Глава 3
Ингрид молча прошла вперед, огляделась тяжелым полицейским взглядом. Я направился было к стулу, но она уселась быстро и уверенно, а я прошел чуть дальше к трехногой табуретке.
– Здорово, – сказал я с восторгом. – Чувствуется человек науки! Мало кто поймет наслаждение возможностью заниматься своим любимым делом. Человек простой, он же хомо вульгарис, смотрит на мишуру, но мы, люди науки, понимаем, насколько все это мало в сравнении с тем, что видим в своих восхитительно прекрасных формулах!
Ингрид кашлянула, я умолк, а Толстолюбов сказал живо:
– А как я попал в число подозреваемых?
Я развел руками.
– Так уж получилось, жизнь пока что, как сказал великий поэт, так и не успевший из-за преждевременной гибели стать ученым: для счастья мало приспособлена… Прошли мимо не в том месте и в не то время, бац – и в записи камер наружного наблюдения через минуту после преступления… Мир все еще несовершенен, в нем пока что правят политики, а не мы, ученые! Словом, наши аналитики решили, что если смотреть по римскому праву, кому выгодно куй продест, куй боно…
Ингрид встрепенулась:
– Чё-чё?.. Ах да, ты что-то плел, уже не помню…
– Кому выгодно, – повторил я терпеливо, словно уже начал читать лекции особо тупым студентам, а они все тупые, это я был дивно умным. – Это выгодно людям старшего возраста, которые как на пределе сил доживут до эпохи начала бессмертия…
Толстолюбов слушал внимательно, даже не улыбнулся на реакцию моей напарницы. Я рассказывал более сжато, чем Володарскому, выпуская несущественные детали. Он слушал внимательно, как умеют слушать ученые, на лету схватывая, осмысливая и перерабатывая информацию.
Ингрид вздрогнула, когда он ответил почти весело:
– Да понимаю вас, понимаю!.. Но все не так, все не так… Я даже не стану опровергать ваши детские… нет, младенческие измышления! Потому что все не так!
Она поинтересовалась холодновато:
– Почему мы должны вычеркнуть вас из числа подозреваемых?
Он сказал весело:
– Да потому что меня никакие миллионы или триллионы вообще не колышут!.. Почему? Очень просто: вся Вселенная заточена под меня.

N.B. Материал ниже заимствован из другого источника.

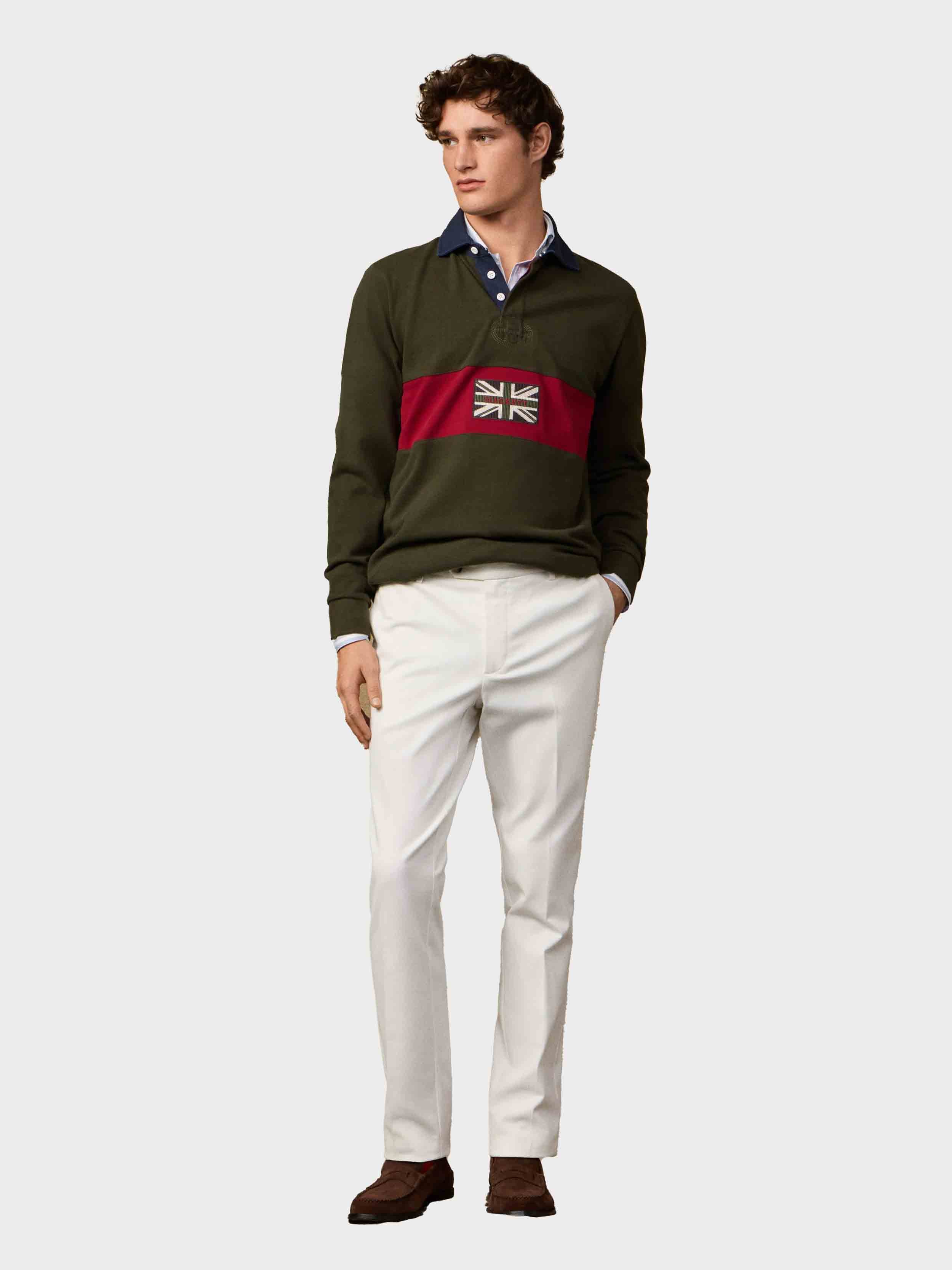 • Long sleeve rugby shirt with contrast trims throughout

Начиная от Большого взрыва все шло к тому, чтобы материя усложнялась и усложнялась и в конце концов создала меня! Тем самым материя обрела способность мыслить и осознавать себя изнутри. Теперь старается сделать меня бессмертным, чтобы я быстро перестроил ее, как она хочет, но в силу ее астрономических возможностей не может… а нужно это сделать быстро!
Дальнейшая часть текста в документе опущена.